Il suffit de poser un œil sur ce qui est devant soi – attendre l’écho intérieur – laisser jaillir le premier mot – et, à sa suite, les suivants – comme une petite cascade de fraîcheur…

Le déroulement du fil intérieur – quelque chose comme l’interface entre l’âme et le monde – le lien – le joint – la colle qui les assemble…

 

 

Un cercle – une fenêtre – des possibles.
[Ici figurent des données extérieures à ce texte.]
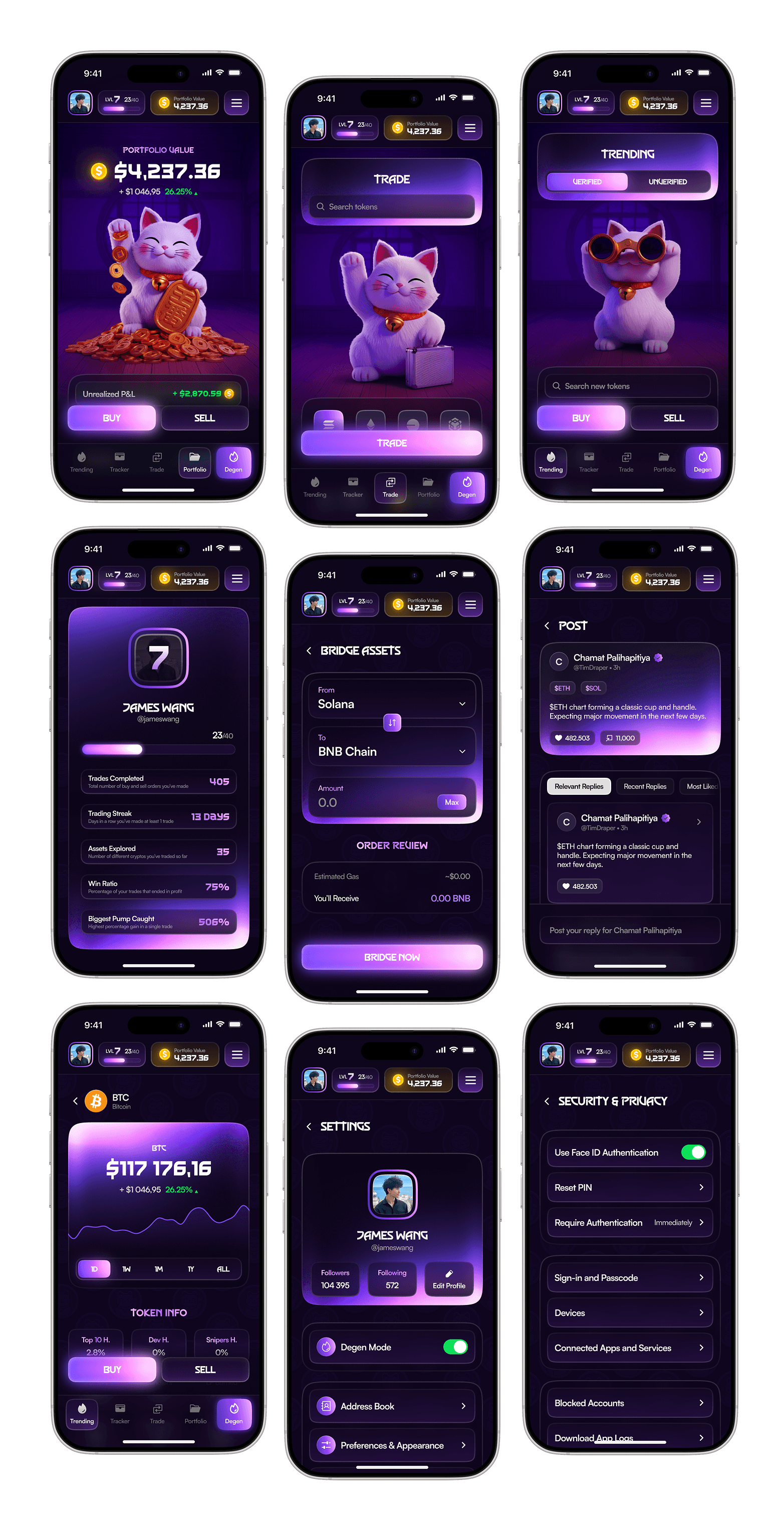The biggest challenge was making these two modes coexist without feeling like separate apps. The solution was to create two distinct but coherent visuals. Normal Mode uses blues, which communicates trust. Degen Mode flips the script with deep purples, vibrant magentas, and Maneki as the mascot.
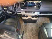 In the cab, leather captain's chairs swivel to face the living area, while the multimedia dash, power windows, keyless entry, and heated mirrors offer modern convenience. The cab transitions seamlessly into the main living area, with an interior height of about 76″ providing a surprising sense of space.
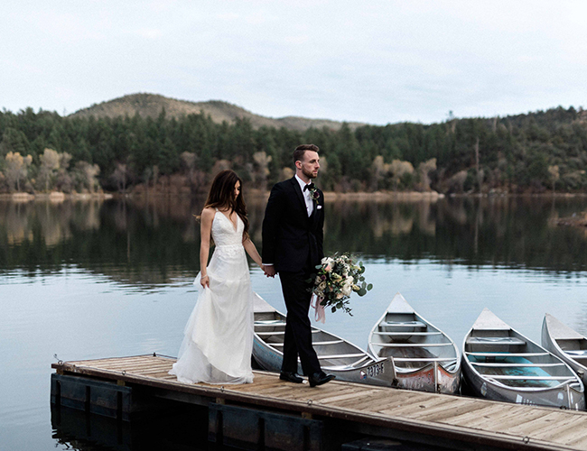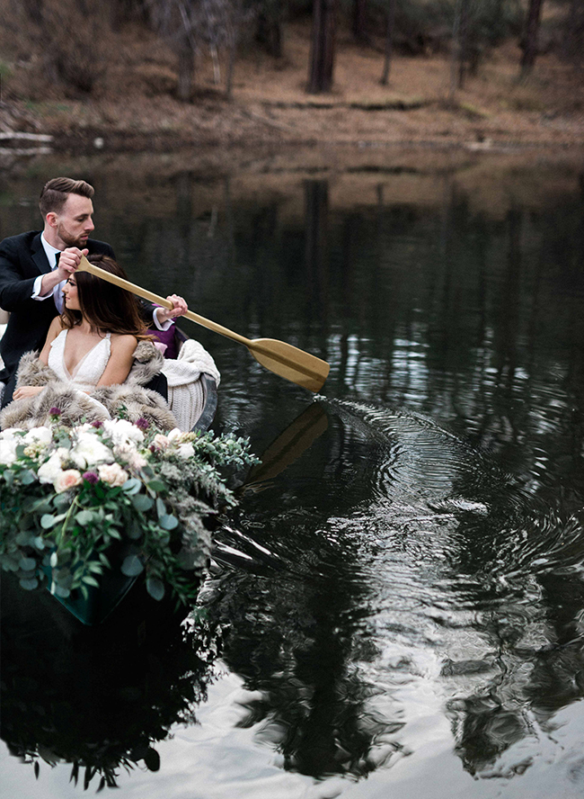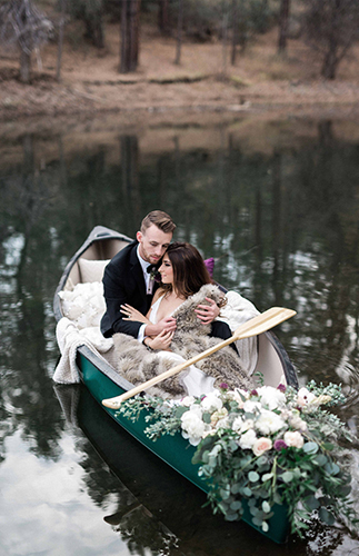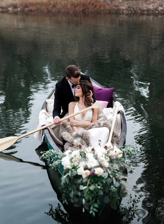Talk about romantic! It was just these two (and a talented team of vendors) in the woods and on a canoe in this beautiful winter lakeside elopement! We love the rustic, slightly mysterious setting. Above all, it provided a stunning backdrop and total seclusion. We’re pretty fond of the deep purple hues too.. anyone else?! Samantha Sanchez of Saje Photography describes her inspiration and how the team accomplished it to perfection below.
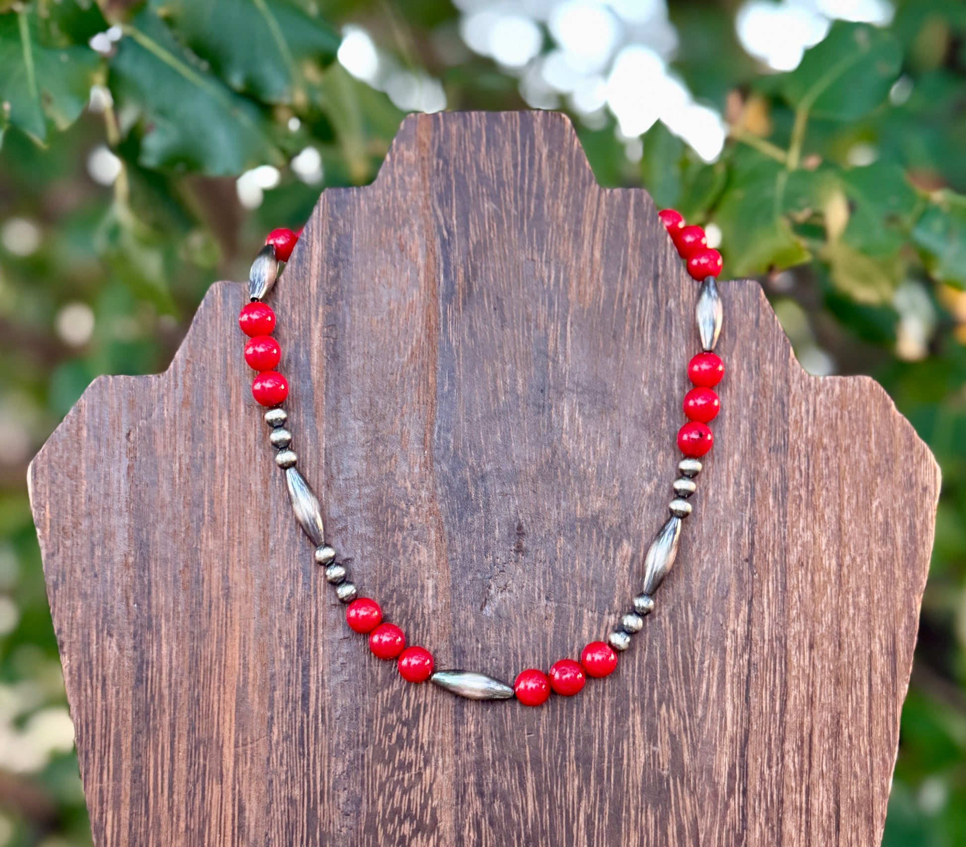 - Red Corral with 5 MM Sterling Silver Pearls and Sterling Silver Torpedos
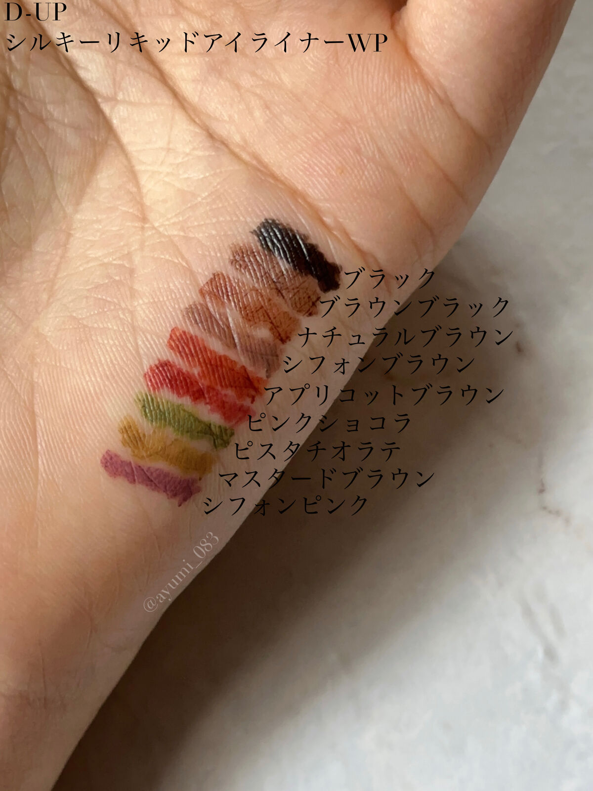 - 筆先までずっとなめらか、目尻で感動するリキッドアイライナー。 必要な量が肌にのる新設計で、まぶたの上をすべるような、滑らかな描き心地。しなやかでコシのある筆が、筆圧のコントロールを容易にし、太いラインも細いラインも思い通りに仕上げます。水、汗、涙に強いウォータープルーフタイプなのに、通常洗顔で簡単オフ。肌に色素が残らない顔料を使用。5種類の美容液成分を従来品の200%配合し、メイクしながら目元ケアまで。 ●ブラウンブラック ※2020年9月12日 バラエティショップ先行発売 ●漆黒ブラック ※2020年12月頃発売予定 ●ナチュラルブラウン ※2020年12月頃発売予定 ●シフォンブラウン 「毎日メイクに透明感と抜け感」 ブラウンでも、グレーでも、ベージュでもないニュアンスカラー。 自然な印影で素の目元を際立て、頑張りすぎない、ふんわりとした目元に。 ●アプリコットブラウン 「じゅわっと血色感。 肌に馴染むおしゃれカラー」 温かみのあるアプリコットがじゅわっと滲む血色感を目元に演出。 肌馴染みが良いので、カラーライナーに抵抗がある方もブラウンの延長線上で楽しめる、使いやすい色味です。 ”ちょっとオシャレ”な空気感を演出するカラー。 ●ピンクショコラ アイライナー 「ピンクが溶け込む濃厚ブラウン」 肌馴染みが良く、目元にじんわり血色感をプラス。 さりげなく女性らしさが加速するようなカラー。 ●ピスタチオラテ (2022年7月29日(金)発売) 「“目尻”に抜け感アクセント」 肌に馴染むのに映える絶妙なグリーン。 トレンドカラーに“くすみ”と“抜け感”をプラスしたまろやかな発色。 ●マスタードブラウン 「“イエロー”が揺れる、大人の洒落色」 (2022年7月29日(金)発売) まるで太陽のような暖かさを感じる新しいブラウン。 ほんのり感じるイエローでメイクが一気に垢抜ける稀有な色。 ●シフォンピンク(2023年2月10日発売) 「ふんわり柔らか"まろみピンク"」 甘くなりすぎない青みニュアンスで目元の透明感UP。 目元を引き締め、ピンクメイクにありがちな腫れぼったさを解消。 ●ミルクカプチーノ(2023年4月21日発売) まろやかな深みの“優しい締め色” どんなメイクにも合わせやすいカラー。 自然な陰影でさりげなく目幅を拡張します。 ●グレーカシミア(2023年10月1日発売) ブラウンがほんのり溶け込んだ、暖色グレー まろやかな発色で、パーソナルカラーを問わず肌に馴染む 目元の陰影になりすまし、抜け感と目力を欲張りに叶える ●ダークフィグ(2024年6月1日発売) するする”なめらか。描きやすいのに、落ちにくい。 クッキリ可愛いほの甘ダークブラウン ●ピーチモカ(2024年8月1日発売) ふわっと自然に盛れる“桃色ブラウン” ほんのり血色感で目元にうるみ感を演出 ●スターダストブラウン(2024年12月11日発売) キラッと繊細に輝く''星屑ブラウン'' 透け感のあるダークブラウンの色味とラメの輝きが、目元に艶のある立体感を演出 ●チャコールモカ(2025年4月10日発売) 目元を締める''深みグレージュ'' 黄みや赤みに偏りすぎない絶妙な色設計で、自然に目元を強調

L’invention du monde et des territoires parallèles – le rêve – le réel – l’imaginaire. L’extrême porosité des frontières. Ce que le regard déconstruit et unifie – capable de se poser partout de la même manière…

Mille lieux – un seul centre – et la même façon d’être présent partout…

 

 

Existence et écriture sans autre contrainte que celles qui s’imposent à l’instant où l’on vit – à l’instant où l’on écrit. Rien de déterminé – ni de programmé – ce qui advient de la plus naturelle façon…

Pas et traits exécutés dans l’inconnu et l’incertitude – sans destination – pour la simple joie d’aller et la beauté de vivre et d’exprimer…

Rien de construit – rien qui ne s’édifie – rien qui ne s’agglomère ; des bouts – des bribes – des fragments – comme des instants singuliers à la fois séparés et alignés les uns derrière les autres…

Pas de trajectoire précise – pas de voyage. D’infimes éléments mais qui constituent l’essentiel subjectifau moment où ils surgissent – au moment où ils existent et s’invitent dans l’âme – dans l’esprit – sur la page…

 

 

Des fleurs – des tombes – des collines – l’espace parcellisé en fonction des usages, des utilités, des contingences. La vie agissante – la vie foisonnante…

Des mouvements – des bruits. Trop de mouvements – trop de bruits. Et le cri, dans la poitrine, qui explose comme une folie passagère – et qui s’empare de nous pour dire l’insupportable impossibilité – en soi – du silence…

 

 

Soi – comme le lieu de toutes les guerres – terrain où s’opposent toutes les forces du monde – concentrées – contenues – confinées dans cet espace restreint – et qui se révèlent, à ce titre, plus destructrices encore – et qui soulignent à l’instant où elles s’affrontent le manque d’envergure – le besoin de distance que l’on est incapable de leur offrir…

 

 

Au fond de l’âme – des éléments de la folie du monde – enfouis dans les profondeurs – dans les fondements même – de notre être…

 

 

Grandeur et précipices ; ce qui serpente entre les failles – ce qui sillonne à travers les reliefs – contournant – se déversant – au gré des expansions et des rétrécissements…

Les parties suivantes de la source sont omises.